Image copy finder
Description:
Image copy finder attempts to find copies of images in folders selected by the user. After initial scan
if any pairs of similar-looking images are found, they are displayed to the user. User can then decide for each pair
to move one of the images into user-selected "delete" folder or ignore that pair.
Important tip:
If you compare a large amount of images it might not only take a long time, but also a lot of memory space.
The application might not crash, but the thread that compares images will be probably killed, resulting in no progress
at all.
If you fear that it might happen, select lower size of compared image (for example less than 64)
Syntax:
Simple queries:
Put each folder into different line:
C:\example folder
C:\example folder2
Recursive queries:
Put a plus sign before folder which you want to open recursively:
+C:\example folder
C:\example folder2
"example folder" will be opened recursively. All folders found recursively are considered to be the same as parent
folder during comparison (they belong in the same group).
Local queries
If contents of one folder should be compared only locally (within this group), put at "L" the start of the line:
L +C:\example folder
L C:\example folder2
Contents of "example folder" will not be compared with contents of "example folder2".
Global queries
If contents of one folder should be compared only globally (with files from outside this group), put "G" at the
start of the line:
G +C:\example folder
G C:\example folder2
L +C:\example folder3
Contents of "example folder" will be compared with contents of "example folder2" but not "example folder3". Contents
of "example folder" and "example folder2" will not be compared locally.
Join groups
If you want for a list of folders to behave like a one folder put "JOIN (" at the start of the group and ")" at the
end:
JOIN (
+C:\example folder
C:\example folder2
)
Both operators need to be the only things in their line. Folders inside of group cannot have local or global
modifiers.
Joined folders behave like a single folder. Local or global modifier can be placed before "JOIN (":
C:\example folder3
G JOIN (
+C:\example folder
+C:\example folder2
)
Contents of "example folder3" will be compared with contents of "example folder" and "example folder2" as if the
latter were a single folder.
How it works:
Image copy finder (ICF) works in two phases:
- Finding and preparing images
During this phase ICF looks for images in given folders. It scales down all of the found images, blurs them, and
keeps them in memory.
Blurring allows for elimination of artifacts caused by compression.
- Comparing images
All of the processed images are compared with each other on pixel-by-pixel basis. If they are similar enough,
they
are added as a pair to list containing similar images.
After completing those two phases list of pairs of images is displayed to the user.
Scan-processing
Description:
This module contains filters created to make printed images cleaner, no matter whether they come from image or from presentation, or from a book.
Filters can be used on either a single image or on .pdf file.
Currently there are two modules: high-pass-filter and quantization.
High pass filter works by dividing the original image by the blurred version of it.
Quantization is based on
mzucker.github.io/2016/09/20/noteshrink.html
Both provide varying results depending on the input and the settings.
In simple cases quantization method is better, although it is slower.
Comparison: (original/highpass/quantization)
Image compression
Description:
Image compression uses my custom lossy compression algorithm to compress images. It uses a combination of chroma
subsampling, dictionary compression and RLE compression. Additional improvements are planned.

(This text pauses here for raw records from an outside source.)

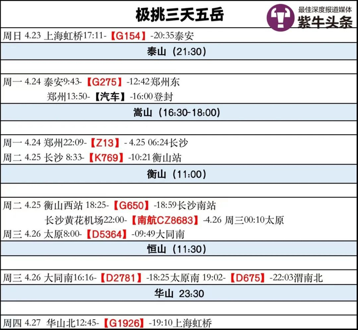 游遍五岳是很多人的梦想,用尽可能短的时间打卡五大名山更是成为一些旅游爱好者的目标,那么能做到多短的时间呢?两位90后小伙在五一假期前给出一个答案:三天!他们在中国现代基建的助力下,在大约三天的时间里行程4600多公里,先后打卡泰山、嵩山、衡山、恒山和华山。完成这趟旅程之后,他们告诉扬子晚报紫牛新闻记者,一路上收获颇丰,既为祖国广阔壮丽的景色和高度发达的基建感到自豪,也觉得完成了一次人生壮举。不过他们提醒说,三天游五岳对身体条件要求很高,一定要量力而行,不要轻易模仿。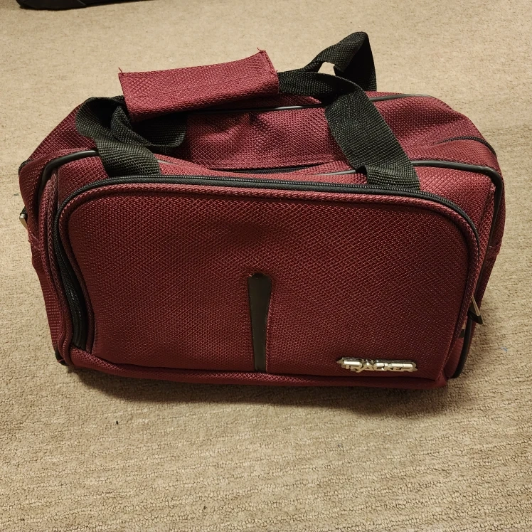 33Selling a Tracker carry-on bag in burgundy colour. It's in good condition and measures approximately 8 in X 11 in X 16 in. Like new. Perfect for your next trip!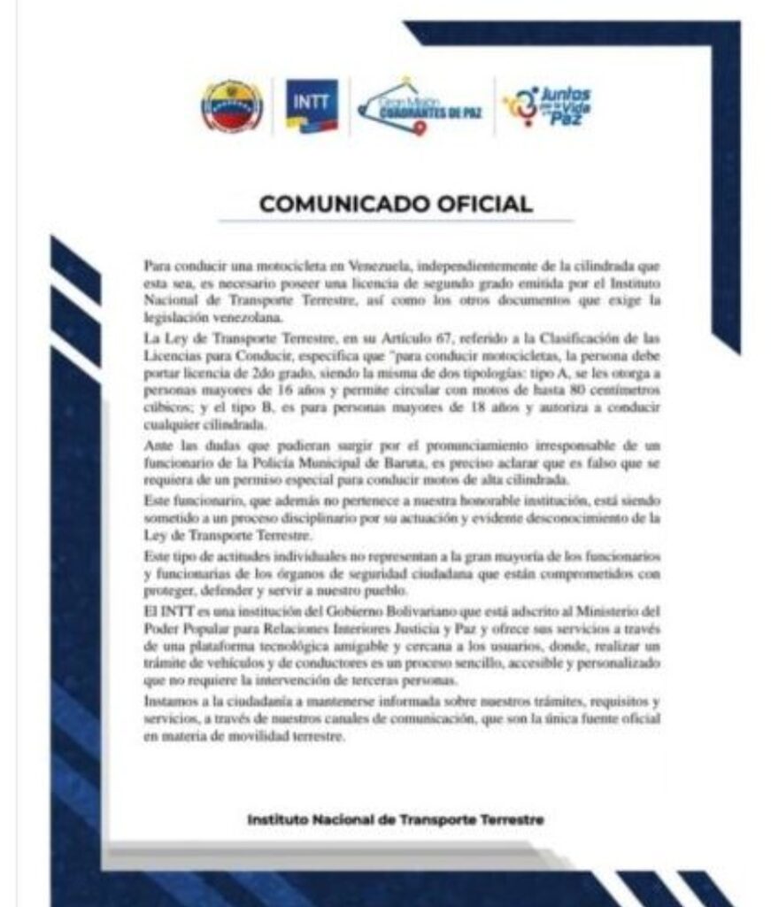 En este sentido, el presidente del INTT, Gabriel Aguana Rodríguez, publicó en su cuenta de la red social X un comunicado donde insta a la ciudadanía a no caer en falsas informaciones dadas por funcionarios irresponsables que desconocen la ley.

Do not use it for serious storage currently - it is too slow and sometimes the files are damaged
File structure:
Best way to describe algorithm is to describe its file structure (somewhat outdated currently):
- Header
Header contains information about:
- Algorithm name
- Version that this file was compressed with
- Last version that can decode this file
- Flags (currently unused)
- Width
- Height
- Block size - image is divided into blocks of this size
- Blocks:
Each block describes Y, Cb or Cr layer in YCbCr color space.
Each block contains information about:
- Dictionary
Dictionary is generated using K-Means algorithm and Y and CbCr weights provided by user. Contains:
- Dictionary size
- Y/Cb/Cr values ordered by ID
- Compressed lines
Each of the lines is compressed using one of the compression algorithms:
- RLE
RLE handles simple cases where only one or two colors are used and they exists simple way to describe
them.
- Differential
Differential handles most cases. If value is the same as the last value, only "REPEAT" information is
encoded.
- Simple
Simple handles basic cases, where only two values are present. In those cases using differential method
would always lead to increase in compressed file size.